To lower the cost of insurance so everyone can afford it right? And if the individual mandate is stricken can everyone still afford it?
You're mixing up a number of concepts here: cost control, affordability, and risk selection.
The "affordability" component of the law refers to the limitations on the percentage of a person or family's income that will go toward health insurance premiums (unless they wish to spend more). That's achieved in the exchanges for people under 400% FPL via the refundable tax credits. Outside the exchanges, it generally just means that if your premiums will cost more than a given percentage of your income, you're exempt from the mandate and can buy one of the catastrophic plans available to "young invincibles" (i.e. people under 30), regardless of your age.

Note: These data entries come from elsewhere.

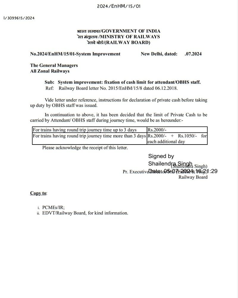 Fixation of cash limit for attendant/OBHS staff – System improvement: Railway Board Order dated 05.07.2024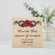 Darkly elegant Gothic Swirl Roses Save the Date Announcement featuring a swirl flourish and a trio of deep red roses on a faux textured paper background. This cool and unique save the date is perfect for the couple planning a non-traditional goth wedding. Easy to customize, simply add the details of your wedding in the fields provided. Click on the "Customize It" button to find additional personalization options.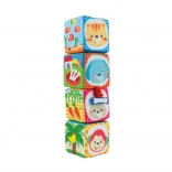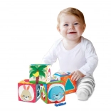 Questo set di cubi morbidi è progettato per un gioco sicuro e stimolante fin dalla prima età. Grazie alle diverse strutture dei materiali e ai colori a contrasto, sostiene lo sviluppo dei sensi, la coordinazione occhio–mano e le prime abilità cognitive. Le allegre illustrazioni di animaletti, numeri e forme geometriche motivano naturalmente i bambini all’esplorazione.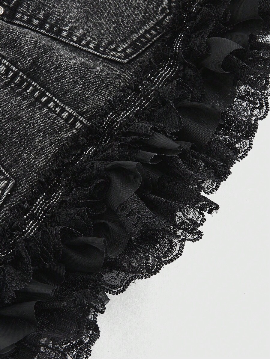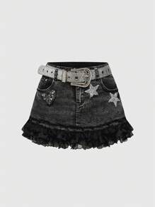 Kawaii Women's Y2K Rhinestone Pentagram Contrast Lace Hem Denim Mini Skirt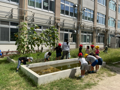 今、教室の窓から、ひまわりの花が見えています。サマースクールに来た子ども達から「大きくなったね!」という声が聞こえてきたので、ひまわりを見に行くことにしました。ひまわりは、みんなの二人分くらいの大きさに成長していました。中庭の池には、やごの抜け殻があり、じっくり観察する子もいました。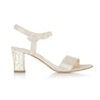 Part of our Iconic collection of contemporary jewelled heels, Martina Midi is a luxurious champagne shimmer suede shoe featuring the Freya Rose signature jewelled pearl heels, a low block heel shoe handcrafted with genuine mother of pearl.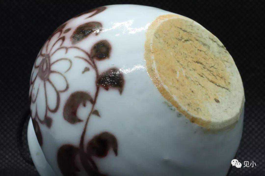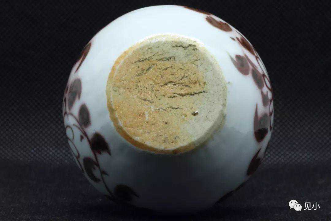 器身绘缠枝菊花纹,线条潇洒自然。釉里红发色鲜艳,具有元代釉里红的典型风格。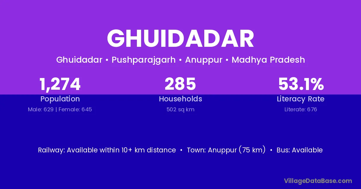 Anuppur (75 km) is the nearest town to Ghuidadar village for major economic activities and is located approximately 75 km away.

Exchange premiums will be higher in the absence of the mandate (and enrollment lower), but that doesn't change the affordability standards. Your premium contribution is still pegged to your income.

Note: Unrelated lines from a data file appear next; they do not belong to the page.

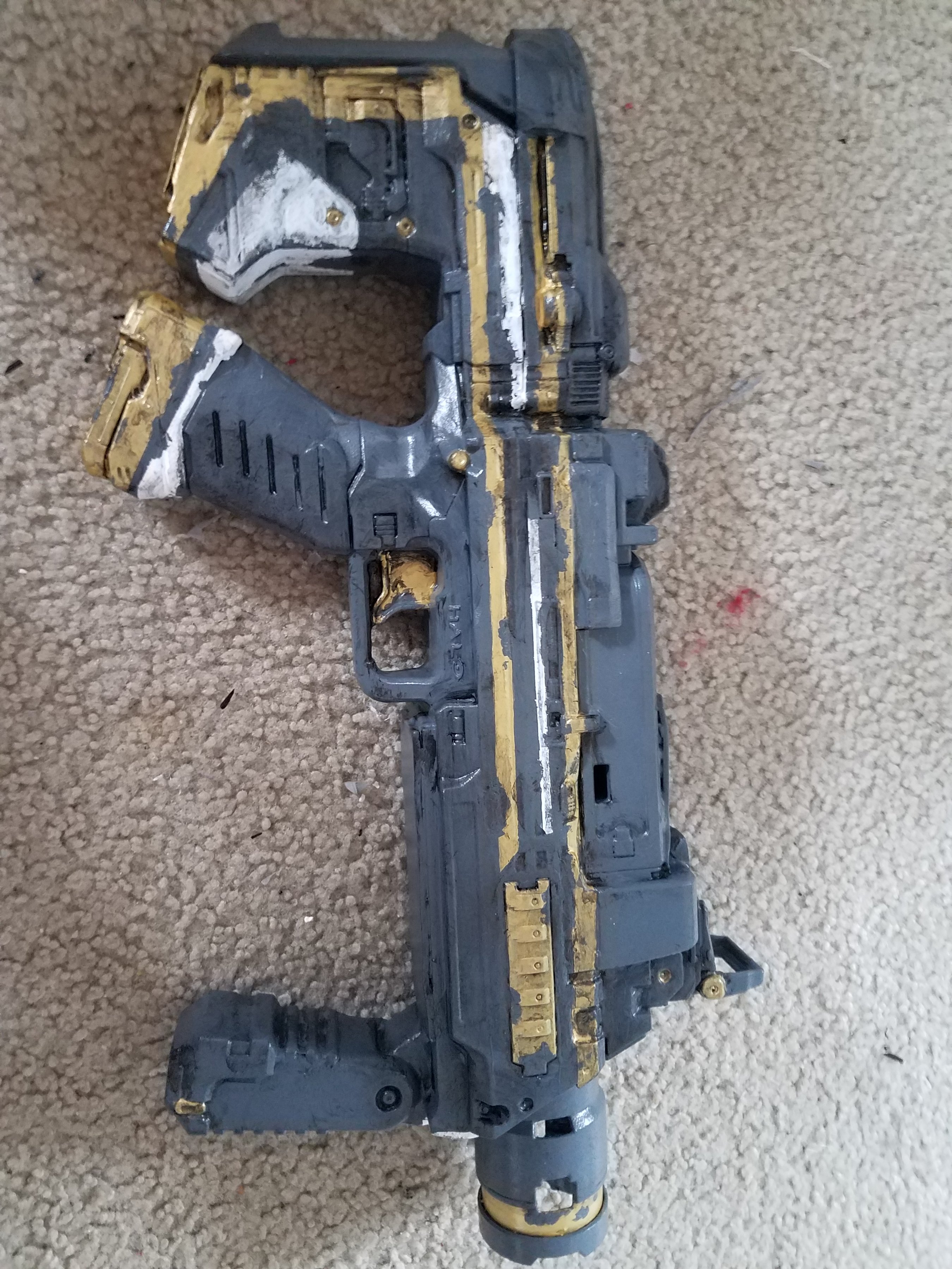 Here are my painted guns! I didn't have time to make them so I ordered the boom halo guns and blocked off the holes and primed and painted it. I used the gold standard skin from halo 5 as reference and I weathered it since I thought that it wouldn't make sense if my armor was all beat up and my guns looked brand new. And then I tried to paint on the 'UNSC' on them but I did not like how it was turning out so I just didn't put that. And yes I know vale's choice is the plasma pistol before the magnum, but I like the magnum more so I did that, but maybe later I will do the plasma too.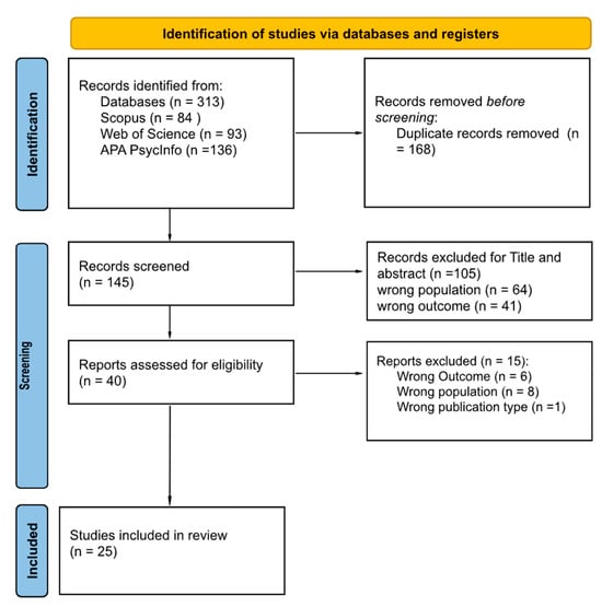 The initial database search identified a total of 313 records. Before screening the titles and abstracts, 168 records were removed because they were identified as duplicates through the Rayyan software. Subsequently, 145 were screened based on their title and abstract. A total of 64 records were excluded for the wrong population, and another 41 records were excluded for the wrong outcome, resulting in a total of 40 studies that were assessed for eligibility by reading the full texts. Thus, fifteen studies were excluded because they did not meet the inclusion criteria: six studies focused on the wrong outcome (i.e., TDV was analyzed as an antecedent/risk factor, not as an outcome), eight studies were excluded because the participants did not fall within the age range specified by the inclusion criteria, and one study was excluded for the wrong publication type (i.e., doctoral thesis). Ultimately, 25 studies met all the inclusion criteria and were included in the systematic review. The search results are shown in the PRISMA 2020 flow diagram (Figure 1).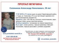 17 июля 39-летний Александр Соляников ушел из своего дома, расположенного на улице Сазонова в поселке Суда, и пропал. С тех пор ни семья мужчины, ни правоохранительные органы не могут установить его местонахождение.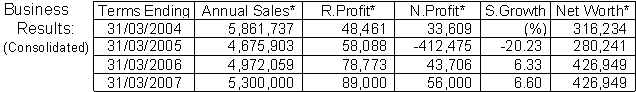 Half-yearly results ending Sept 2006:
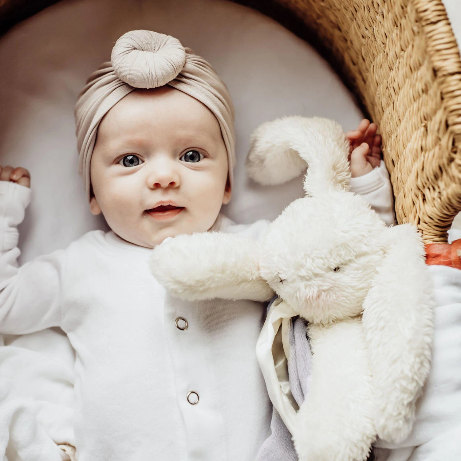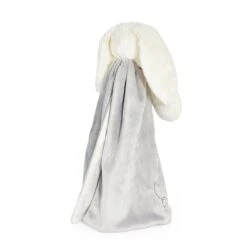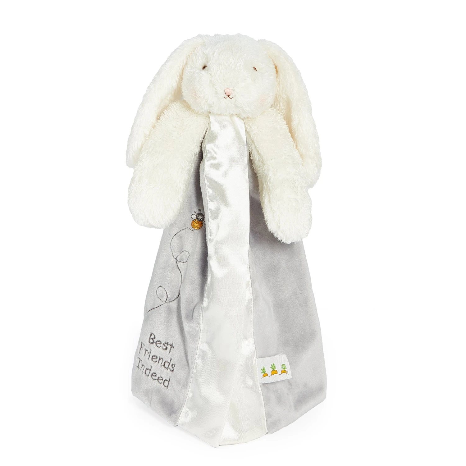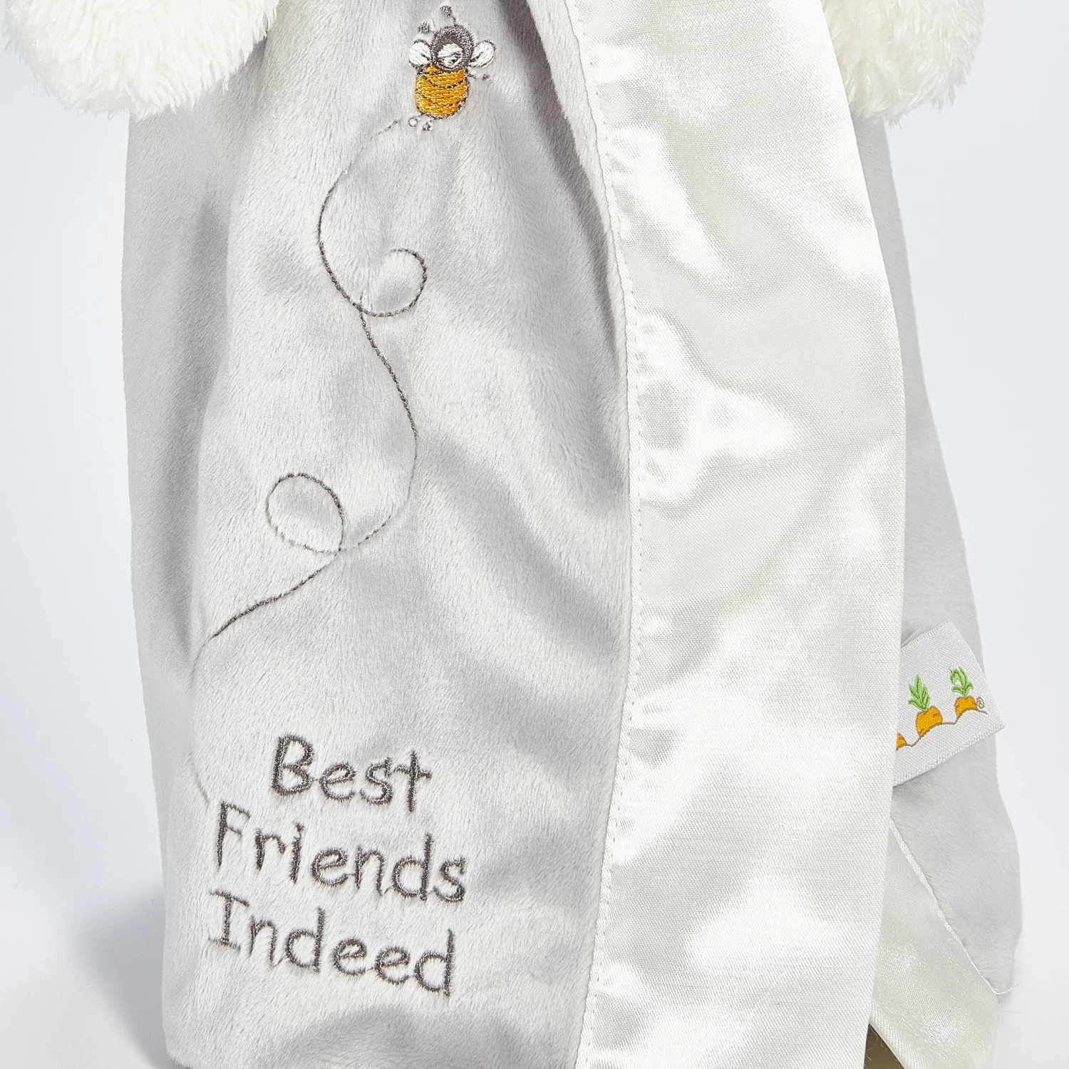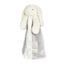Bloom has a white plush floppy eared bunny stuffed animal head and arms with a handcrafted, baby-safe embroidered face. The snuggly and super soft glacier gray velour split blanket is lined and edged in silky satin for tactile development and soothing and designed with safety in mind. Add a monogram, name, date, or short message with our custom embroidery option to create an even better baby gift that will be treasured for years to come!

The law has a number of cost controls but the ones that relate to the private insurance market reforms are: 1) the organizing of the individual market into exchanges, and 2) the structure of exchange subsidies, which are competitively bid by tying them to the 2nd cheapest silver plan.
Neither one of those is affected by removing the mandate.
As I've already pointed out, the individual mandate exists solely to manage risk. Right now that's generally done via underwriting, but underwriting is largely eliminated by that infamous 2 pages of the ACA. Without the mandate, exchange premiums will be higher because higher risks will be more likely to enroll than lower risks. The purpose of the mandate isn't to lower premiums, it's to avoid or mitigate that rise in premiums.
As I've said probably a half dozen times now, the individual mandate's reach doesn't extend beyond the guaranteed issue/community rating rules in 2 pages of the legislation. If you were to eliminate the mandate, there's no justification for eliminating anything in the legislation beyond those 2 pages.